Back in January, we were all looking at what was happening in China. The coronavirus outbreak was hitting hard the country and his economy, entire cities were put under lockdown and the all world was observing how they were facing the emergency, with the hope and perhaps the illusion that all that pain would never hit us. We were wrong, the world was wrong.

We finally realized that globalisation has his side effects, that we are not immune to epidemics and we need to learn how to cope with them and other health crisis in the future.

Entire countries all around the world are now under lockdown, with tremendous consequences on the economy that we can only try to imagine, right now.

The difference between this and the other economic crisis of the past is one: the other economic and financial crisis have hit the demand side, therefore governments and financial institutions knew exactly how to deal with the shock and which measures to put in place to boost the demand and the GDP growth. This epidemic, and the consequent closure of entire cities and factories, has hit both the demand and the supply sides, therefore it is way more complicated for institutions around the world to find the right tools to deal with this matter.

While the magnitude of the crisis has not been assessed yet, some experts suppose that the world will face an even bigger recession than the one that triggered the 2007 financial crises, with a loss of 8-9% in the Italian GDP, according to an ISTAT preliminary study.

The reaction of the financial markets has been dramatic as well. The Dow Jones index tumbled in many occasions at an incredible speed, at the beginning mainly because of the price war on the oil market and then because of the coronavirus spreading in the USA, recording the worst daily performance since 1987 on the 16th of March. In Europe, the market’s reaction has been even more violent, with FTSE MIB recording the worst performance ever, losing 17% of the entire Market capitalization in just one day. But heavy losses have struck also the other stock markets, with panic-selling days in French, German and UK markets.

In response to the crisis, Governments and Central Banks have tried to mitigate its impact on the world’s economy. The Federal Reserve System has implemented his Expansive Monetary Policy, by cutting the interest rate and increasing the liquidity in the financial system. Despite the initial hesitations, the ECB has finally taken the same road, approving an extraordinary plan to help businesses and the financial system endure the crisis, and pledging for a Spreads control.

Moreover, expansive fiscal policies have been put in place by all governments as well, with deficit increasing, taxing cuts, payment delays and social shock-absorber in most of the cases, in response to factories closing and consumption fall.

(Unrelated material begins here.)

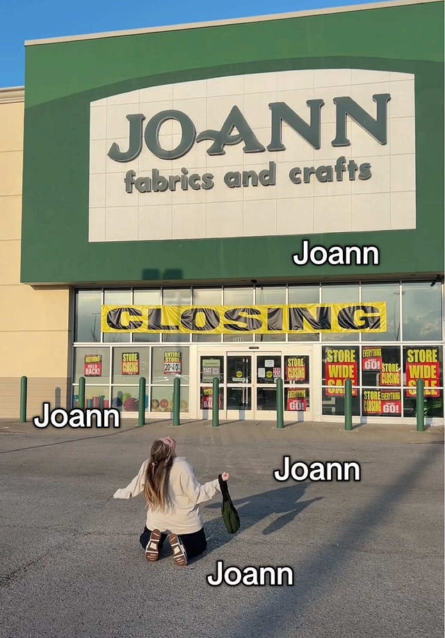 As for many sewists, some of my earliest memories of crafting involve going to JOANN Fabrics for the supplies to make the creations of my wildest dreams. Even if I’ve moved on to buying as many of my supplies secondhand as I can or from small businesses, the announcement of the craft chain’s closure still left me feeling a tinge of sadness. (See the TikTok remembrances in the Scrap pile below.) The move felt even more shocking given the steady revival of textile arts since the pandemic. Some have pointed to the role of private equity and economic factors in the store’s failure. I’d argue the main factor is its failure to meet the moment and understand its customer base. When I went to a JOANN store, I’d always wonder why copious displays of cheap, seasonal products and other goods that could only be classified as junk were given pride of place, while actual craft supplies seemed relegated to back corners. (I can’t find anyone who’s written on this point, but I thought this TikTok analysis was spot on.) Sure, a good deal could be found with the right coupon for sewing patterns or fabric. But the experience was completely unlike going to a local shop run by people who love nothing more than sharing their craft with others.

Will it be enough? It is not an easy question. Much depends on how long the crisis will last.

For sure, the expansive measures must be kept for a long time after the end of the crisis.

This time, a unitary response is to be hoped, especially at a European level. The European Union is at a very important crossroad, and only its strengthening can lead to an orderly and quick solution to the crisis. Without a common approach, the long-term effects of the disease could be enormous, and the EU may not survive. As with all the biggest events that scared our existence, may this just be a springboard to a bright, more conscious future.